Y a continuación, algunas citas que me pareció interesante subrayar:
Comprender a un psicótico es fácil cuando se le sigue la corriente.
Era la perfecta espectadora, una mujer que adoraba las historias sin que le importara el mecanismo de su construcción. Era la encarnación de aquel arquetipo victoriano: el Lector Constante (…). Annie habría visto los quince episodios en una noche aunque le doliesen los ojos y acabase con dolor de cabeza. Comentar con respecto a este pasaje, que he conocido a unas cuantas brujas cuya única pasión en la vida parecía que era verse tal serie de moda de Netflix o de Amazon, devorando sus catorce temporadas en tres noches.
Los depresivos se suicidan. Los psicóticos, mecidos en la cuna venenosa de su propio ego, quieren hacer el favor a todos los que les rodean de llevárselos con ellos.

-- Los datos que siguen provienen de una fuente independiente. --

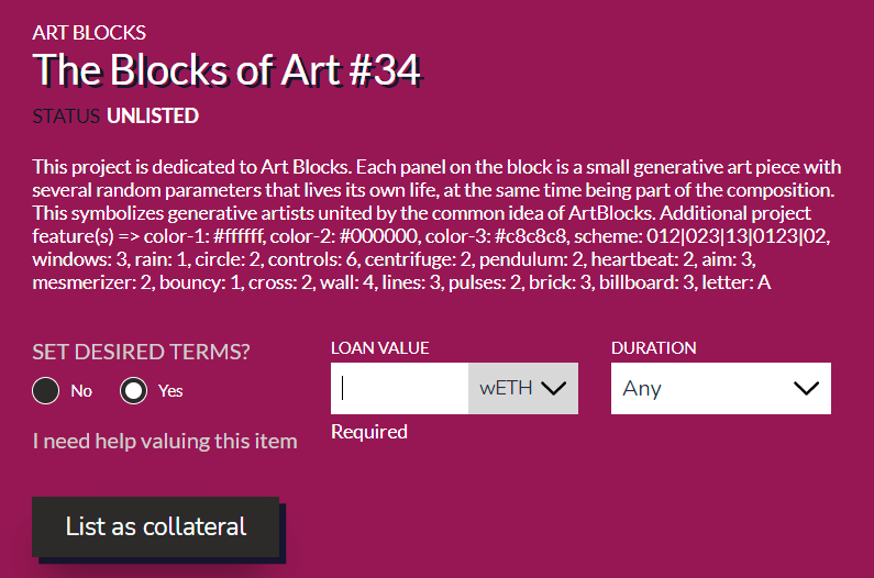 - Goal: Get loan collateral on NFTfi

Es bueno tener un poco de talento si quieres ser escritor, pero el único requisito auténtico es la habilidad para recordar la historia de cada cicatriz… El arte consiste en la persistencia de la memoria. Supongo que por esto la mayoría de la gente no es artista. Porque la gente en general, tiene la memoria cortísima. Resetean todos sus recuerdos cada seis meses, aproximadamente.
He tratado con la prensa. Quieren las dos cosas de siempre, que usted la cague mientras están rodando y que alguien pague los Martinis cuando llega la hora de las copas.
Esperar era correcto y luchar noble, pero al final sólo contaría el destino.